Some may argue that disease management by a generalist with less expertise and training may be lower quality care. While a potential concern, this is not supported empirically. Outcomes of children with Type 1 diabetes in Australia and Canada who are usually managed by specialists in other countries like the United States seem to be similar whether an endocrinologist or a general pediatrician leads their care [
7,
8]. Most generalists without access to subspecialty services also report a high comfort level managing some patients who are usually cared for by specialists [
9]. With ongoing experience with the specific medical condition, the skill and comfort level of generalists are likely to increase.

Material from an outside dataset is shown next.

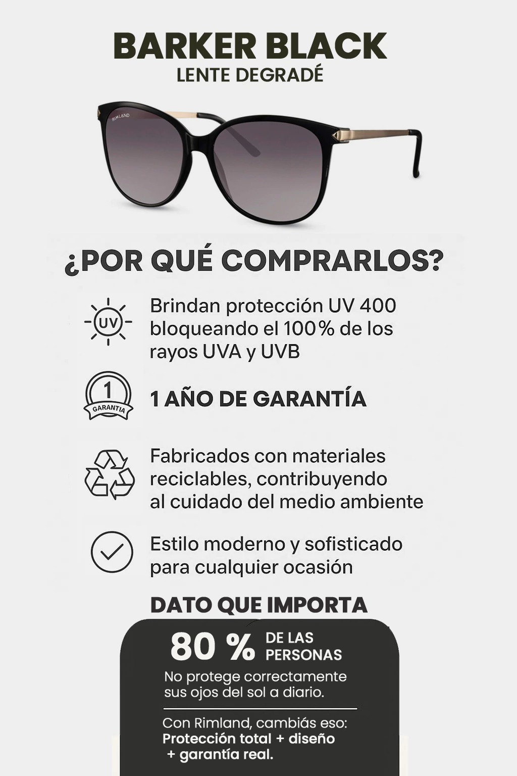 Nuestras gafas combinan diseño con protección UV100% de alta calidad (contra rayos UVA, UBV Y UV400) para que puedas disfrutar de una visión más nítida y cuidar tus ojos de los efectos negativos del deslumbramiento.

Effective connectivity to specialized care is still essential for this proposed model to succeed. While the vast majority of children with obesity or asthma or ADHD can be cared for in the community, a small, but important subset will undoubtedly benefit from specialty care (e.g., obese child with medical comorbidities, children with asthma with repeated life-threatening exacerbations, children with ADHD and multiple behavioral comorbidities). To be effective, community practices that provide specialized care will have to be well linked within a regionalized system of care. This is essential not just for referrals but to also provide educational support to the general pediatrician.

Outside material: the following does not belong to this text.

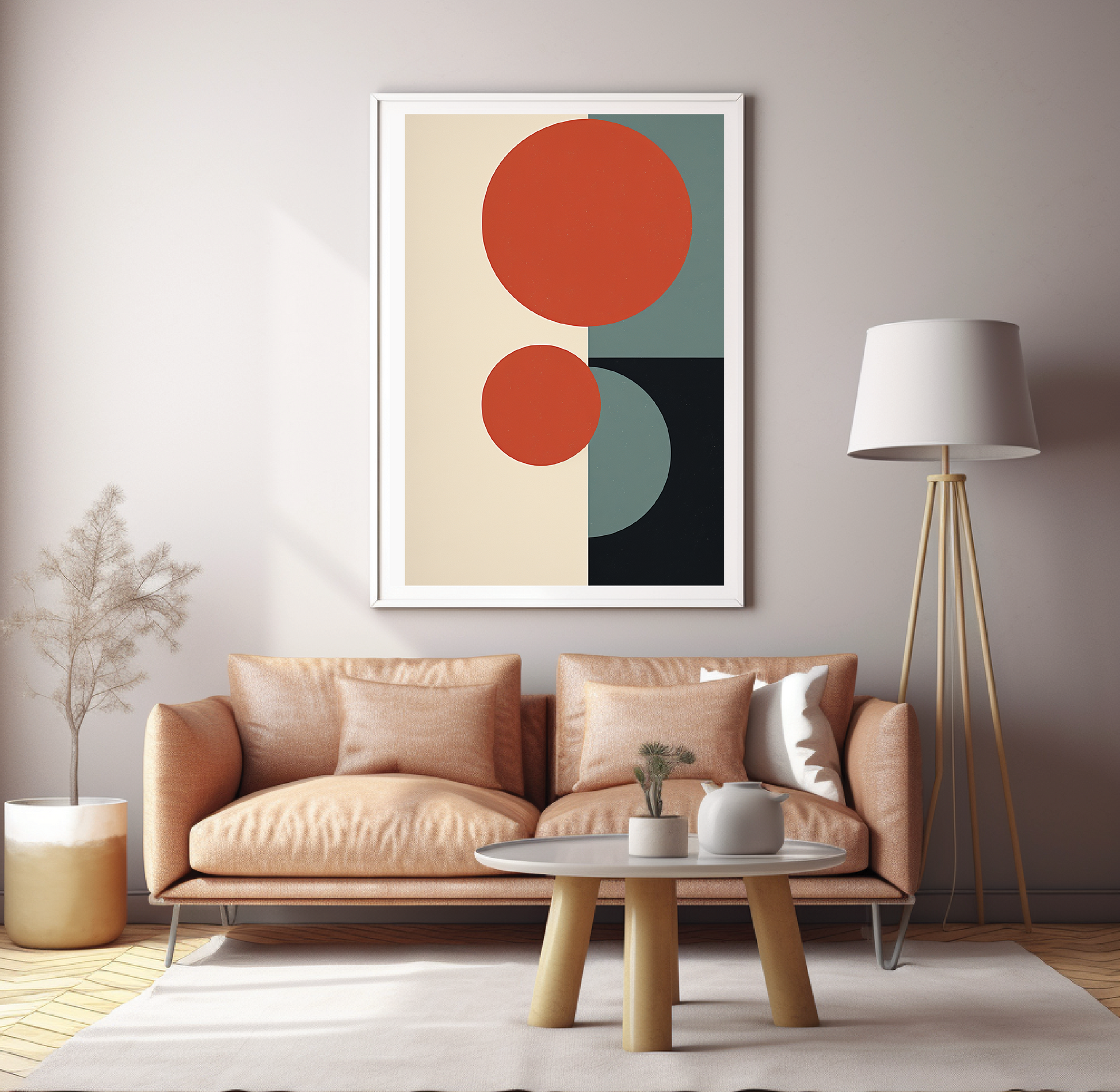 A poster illustrated with circles in various colors and red, in the style of dark teal and dark beige, minimalist geometric forms, light orange and black, monochromatic paintings, animated shapes, symmetrical balance.

Fortunately, there are templates to help facilitate such support. Project ECHO (extension for community healthcare outcomes) is a rapidly growing hub-and-spoke knowledge sharing network, whereby expert teams use telemedicine interfaces to conduct virtual clinics and deliver educational curricula to community providers [
10]. Originally conceived for the community-based management of hepatitis C in New Mexico, models such as Project ECHO provide the added benefit of disseminating specialized knowledge for primary care providers and empowering patients and community-based providers to partner in delivering high-quality community care. These networks have already been established for primary care providers caring for a number of pediatric chronic conditions like Sickle Cell Disease [
11]. Other initiatives focused on promoting high value care like Choosing Wisely can also be leveraged to spread knowledge and uptake of secondary care [
12].
What barriers may prevent the development of these models? Financial incentives are lacking, particularly in fee-for-service environments that incentivize high volume, manifesting as well-child care in primary care and/or low complexity subspecialist care. In the changing landscape driven by healthcare reform, this can be addressed in models like accountable care organizations that are growing in popularity, given the significant amount of money that payers can save, particularly in integrated delivery systems. We also believe most primary care clinicians with good training will love to have the opportunity and satisfaction of developing special competency and the professional satisfaction that accompanies it. This will take some investment: from primary care clinicians in terms of their own training via coursework and conferences, from organizers and accreditors by continuing medical education activities, and from subspecialists who have an essential role in building up these competencies. It will also take a partnership with patients and families who may perceive that they are being denied subspecialist access and may not appreciate the potential benefits of this model in terms of convenience, shorter wait times, and other factors. We hope the health system can recognize and mobilize to implement secondary care. With the effective implementation of delivery systems, the stars, in terms of quality, cost, and pediatrician satisfaction, are all aligned.